Wednesday, October 20, 2010

It’s not always what you find...

by Forensic Focus columnist, Sam Raincock

Sam Raincock from SRC is an IT and telecommunications expert witness specialising in the evaluation of digital evidence. She also provides training and IT security consultancy.
In digital forensics we are often asked to determine the presence of evidence. However, what happens when we do not find anything? How do we prove something wasn’t there?

Proving something is present is generally a trivial problem – you find it, it’s there. Of course the complex part is explaining how it came to reside on a digital device and the circumstances surrounding it….that’s what the field of digital forensics is all about. However, proving something isn’t there and/or was never there are also questions we are asked to comment on. Take the following for example:

· Examine this laptop and establish if it has accessed the website

· Examine this mobile telephone and determine if it sent a text message with the content “Forensic Focus”.

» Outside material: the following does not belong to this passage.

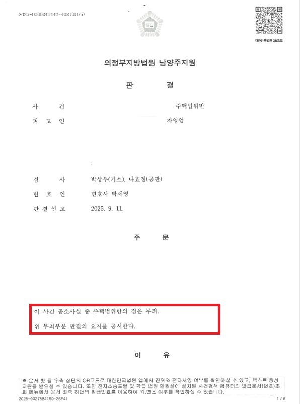 아래와 같이 주택법 공소사실에 대하여 '무죄'가 선고되었습니다.
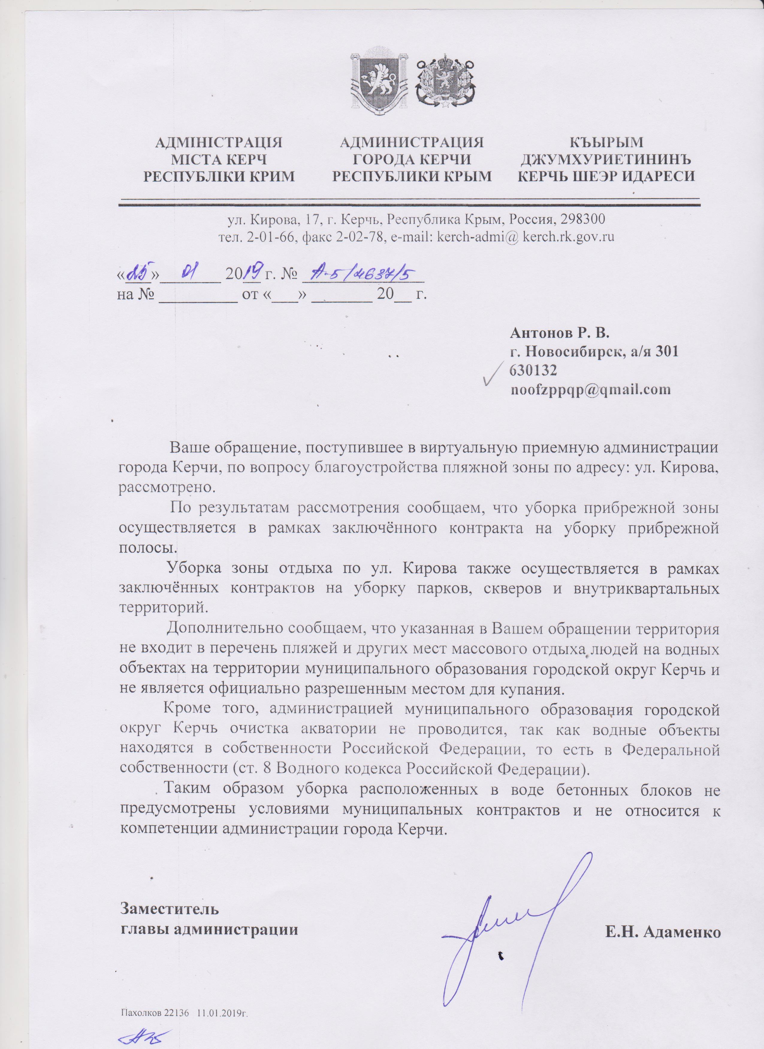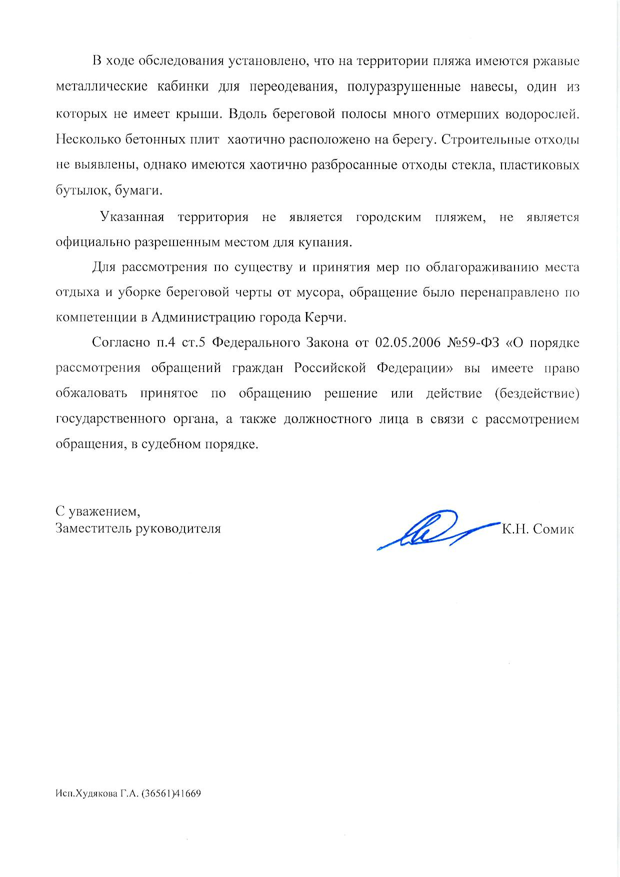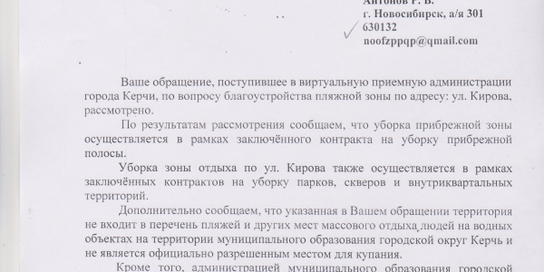 Номер жалобы:47458 Тип жалобы:Иные проблемы ЖКХ Название объекта: Регион:Республика Крым Город:Керчь Адрес:улица Кирова Описание жалобы:На городском пляже раскидан строительный мусор- бетонные блоки по кромке воды, прошу расчистить берег и акваторию пляжа, ржавчина уничтожила все мет. Конструкции на пляже, прошу заменить переодевалки, навесы, завести песок, увеличить территорию песчаного пляжа, провести уборку от водорослей, уборку проводить регулярно, вне зависимости от сезона.

Let’s look at the first example. In the event there is “no evidence of access to found”, what remains is proving (or commenting on) a negative. However, just because you do not find any evidence of connections to the site, does this imply no connections ever occurred?

There are three main possibilities to consider. Firstly, the techniques used in your examination did not facilitate finding the evidence even though it is present. For example, if we simplistically relate this to an examination where only the live Internet history is examined initially, it is possible that a subsequent examination could determine some deleted Internet history and further evidence may be established.

Secondly, you did find the evidence but were unable to determine how to interpret it so you didn’t establish its meaning. For example, you found a partial registry file in deleted space but did not have the knowledge to interpret it and extract the evidence.

Thirdly, there is no evidence on the device of any connections occurring to So no connection ever occurred?

Even given the last situation, with a computer, often the absence of any evidence is not evidence that it was never present. This is due to the fact that on a computer, data can be deleted and overwritten. Hence, it is possible that an event occurred but evidence of it is no longer available...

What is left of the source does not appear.